# :) thank you



## my_gina (Feb 4, 2006)

thank you to everyone that had help me out when i had lost my pigeon gina... .......shes back home of corse not the same...she still has the wing a little werid but shes flying around. i cant believe that she came back after 10 days with a broken wing in bad weather of snow and rain. she is truly my garden angel, my whole familys. we are all happy shes back. and i like to thank you again, on benhave of me and my parents and of corse gina, of helping out with advise and being here for questions. Thank you.


----------



## TAWhatley (Mar 6, 2001)

Thank you for the update on your beloved pigeon. I'm so glad she is doing well.

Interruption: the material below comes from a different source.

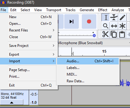 Con estos consejos en mente, es hora de abrir Audacity . Una vez(Once) dentro de Audacity , haga clic en Archivo, Importar, Audio. (File, Import, Audio. )Navegue hasta el audio que desea importar y haga clic en Abrir(Open) .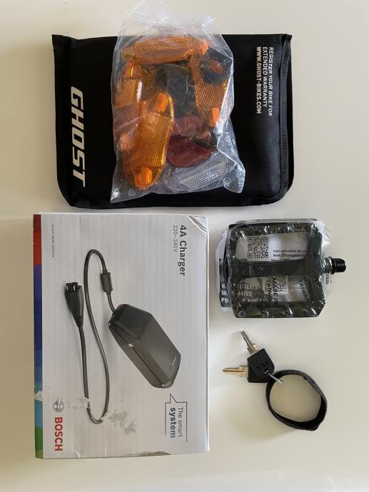 Uz bicikl dolazi punjač od 4A, dva ključa, pedale, dodatna nova prednja guma.

It's very nice of you to thank all the folks here on Pigeon-Talk.

Terry


----------



## christina11 (Jan 20, 2006)

WOW What great news im soooooooooooooooooooo happy for you i kmow what it feels like to have a lost pigeon thank god she came back .

GOOD LUCK WITH YOUR BACK HOME FRIEND!!!!!!!!!!!!!
May many adventures some too be together with you and your pigeon.

Ps:Sorry i didnt post on all of your posts  .


----------



## Feefo (Feb 8, 2002)

I am so glad that she is back!

Thank you for updating us.

Cynthia


----------



## Pete Jasinski (Jan 2, 2005)

That's great news, there's nothing we like more here then a happy ending!


----------



## Skyeking (Jan 17, 2003)

I'm so glad to hear Gina came back! You are quite lucky to have her back again. 

Thank you for the update.


----------



## Feather (Dec 8, 2005)

Hello,

I'm really glad to hear that Gina is doing so well. I often wondered about you and the bird that you were so worried about. I guess dad knew what he was doing huh. Stay in touch.

Feather


----------



## my_gina (Feb 4, 2006)

hehe THANK YOU GUYS! you guys helpedd.....butt yeeupp shee doingg goood right now i think she starting to get her eggs but i still cant believe she came back.. 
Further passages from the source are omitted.